Claramente el Señor prepara su entrada a Jerusalén. El texto nos da a entender que Jesús es consciente del significativo modo en que entrará a la Ciudad de David; así mismo, podemos suponer que  comprende el simbolismo que hay en el gesto de entrar montado sobre un asno. La referencia a la profecía de Zacarías  es inevitable: «¡Alégrate mucho, hija de Sión! ¡Grita de júbilo, hija de Jerusalén!
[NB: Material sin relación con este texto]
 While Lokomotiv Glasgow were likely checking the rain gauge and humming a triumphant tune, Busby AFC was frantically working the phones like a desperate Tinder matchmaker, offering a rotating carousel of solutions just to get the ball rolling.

Mira que tu Rey viene hacia ti; él es justo y victorioso, es humilde y está montado sobre un asno, sobre la cría de un asna.» (Zac 9, 9).
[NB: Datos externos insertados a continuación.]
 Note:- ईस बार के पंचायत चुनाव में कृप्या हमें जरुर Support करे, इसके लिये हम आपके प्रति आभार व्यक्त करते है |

Sin embargo, me pregunto si los discípulos comprendieron la verdadera profundidad y alcance de este gesto de Jesús.

«Entonces le llevaron el asno, pusieron sus mantos sobre él y Jesús se montó»

Se nos dice que los discípulos obraron tal «como Jesús les había dicho» (Mc 11, 6) y que «entonces le llevaron el asno, pusieron sus mantos sobre él y Jesús se montó» (Mc 11, 7). También es probable que los mismos discípulos se hayan unido a los muchos que «extendían sus mantos sobre el camino» o a los que lo «cubrían con ramas que cortaban en el campo» (cf. Mc 11, 8).

Probablemente, los discípulos y muchos de los que estaban con ellos siguiendo a Jesús, fueron capaces de relacionar todos estos gestos con distintos pasajes del Antiguo Testamento y con la historia del pueblo de Israel.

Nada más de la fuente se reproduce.